“行了,可以上岗了,先给你们一人分配一个带教老师,熟悉一下工作环境,三天以后就能上手了,祝工作顺利。”
三人被分到了三个不同的科室,白危雪换上白大褂走入诊室,里面坐着一个很年轻的男医生。主动介绍完自己,白危雪问:“需要我做什么吗?”
“你口才怎么样?”带教医生问。
白危雪:“不怎么样。”
带教医生一噎,他瞥了白危雪一眼,抬手甩给他一张病历单:“我等会儿有事要忙,要是有顾客来做项目,你帮我记录下需求,看见这些赚钱的项目没?给我尽力推销,尤其是这种个性化定制服务最赚钱。好好干啊,业绩跟你的工资直接挂钩,只有实习期干得好才有机会转正!”

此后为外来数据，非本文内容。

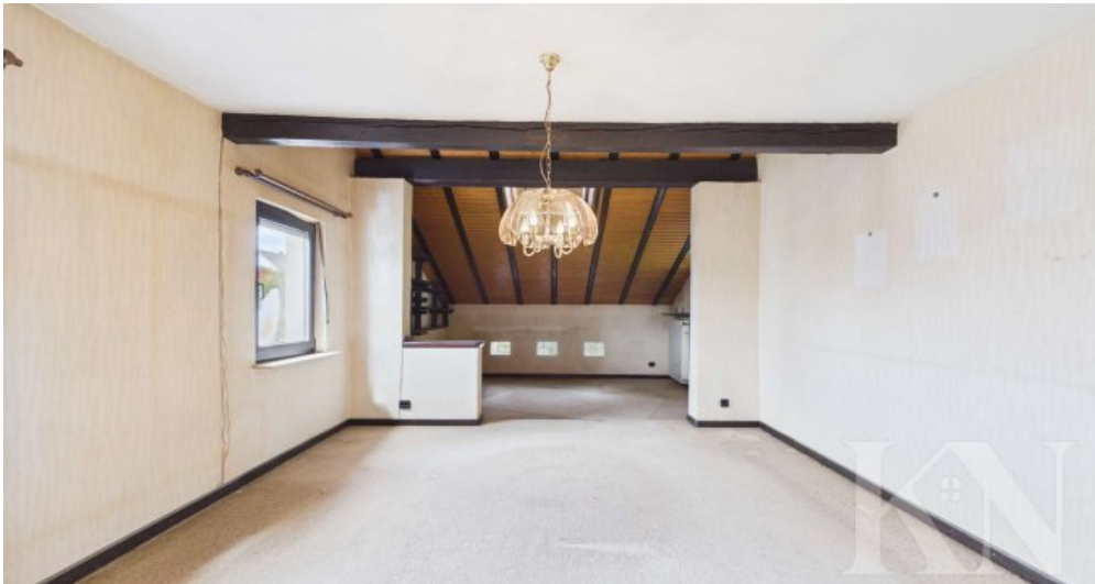
Wohn- Essbereich OG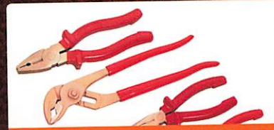
Denios Seite 150 Werkzeug funkenfrei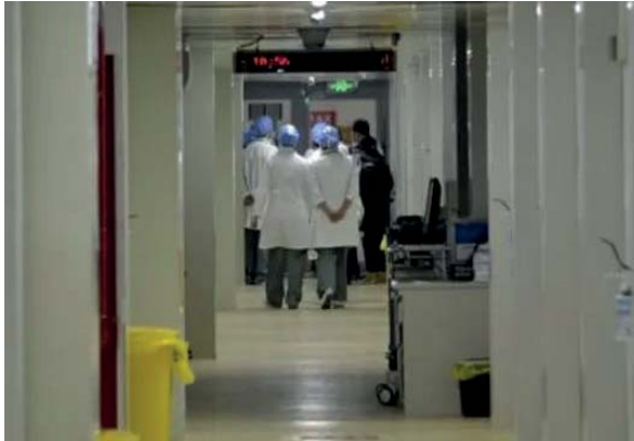
Buenas intenciones. El Gobierno apunta a reforzar el presupuesto hospitalario

La decisión responde a la Ley 27.796, que declaró la emergencia sanitaria en salud pediátrica y en residencias médicas por el término de un año. La normativa, que fue ratificada por el Congreso el 2 de octubre, tras rechazar los vetos del presidente Javier Milei, fue promulgada hace diez días. Sin embargo, su aplicación quedó en suspenso porque, al igual que con la ley que declara la emergencia en discapacidad, el Ejecutivo le solicitó al Parlamento que defina de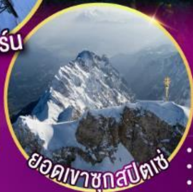
ยอดเขากุสปีตเซ่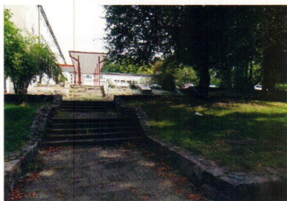
Schody i chodniki przy Gimnazjum nr 21 ul. Mickiewicza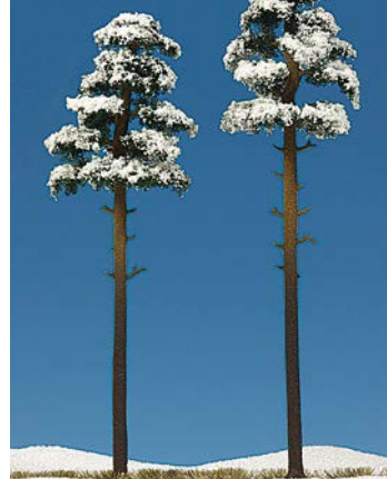
HO 6156 2 verschnittene Kiefern 195 und 210 mm hoch

白危雪点头,他看了眼电脑上一连串的项目,最低也要三十万起步。
五分钟后,一个牵着小男孩的中年女人走了进来。她唯唯诺诺地看着白危雪,连头也不敢抬,小声问:“您好,是张医生吗?我叫孙小梅,跟您提前预约过的。”
白危雪:“我是他的助理,他等会就来。你先坐,跟我说一下你的需求吧。”
“哎哎,好。”诊室里只有一个凳子,孙小梅坐下来把小男孩抱在腿上,一边抹眼泪一边说,“我家孩子天天不学习,净玩儿那些乱七八糟的游戏,说了也不听,根本不服管教。那些游戏都是些什么东西,都把我家孩子教坏了!他玩儿这些游戏有什么用,将来能出人头地吗?能上清北吗?能找到好工作吗?能娶到好媳妇儿吗?”
白危雪不解:“这跟你来整容有什么关系。”
孙小梅揪着脏兮兮的袖套,喃喃道:“不行,这样下去不行,这次我一定要把他的游戏给戒了,我要他戒掉游戏!戒掉游戏!戒掉游戏!”
她语气越来越激烈,表情也越来越神经质。明明才四十出头的年纪,却已经两鬓斑白,满脸皱纹。脸颊的肌肉剧烈抽动着,她眼眶通红,紧紧抓着白危雪的袖子,仿佛抓住了救命稻草:
“医生,我怀这孩子的时候找大师算过,大师说他是天生的帝王命,生来就是享福的。我就指望着他飞黄腾达了,可他现在这个成绩,班里倒数第一,天天不学好只知道打游戏,可怎么办呀!他还这么小,前途光明无量,不能被一个游戏给毁了呀!虽然我知道很多孩子发育晚,得大点才能开窍,但是我的孩子得赢在起跑线上,不能被别人落下!”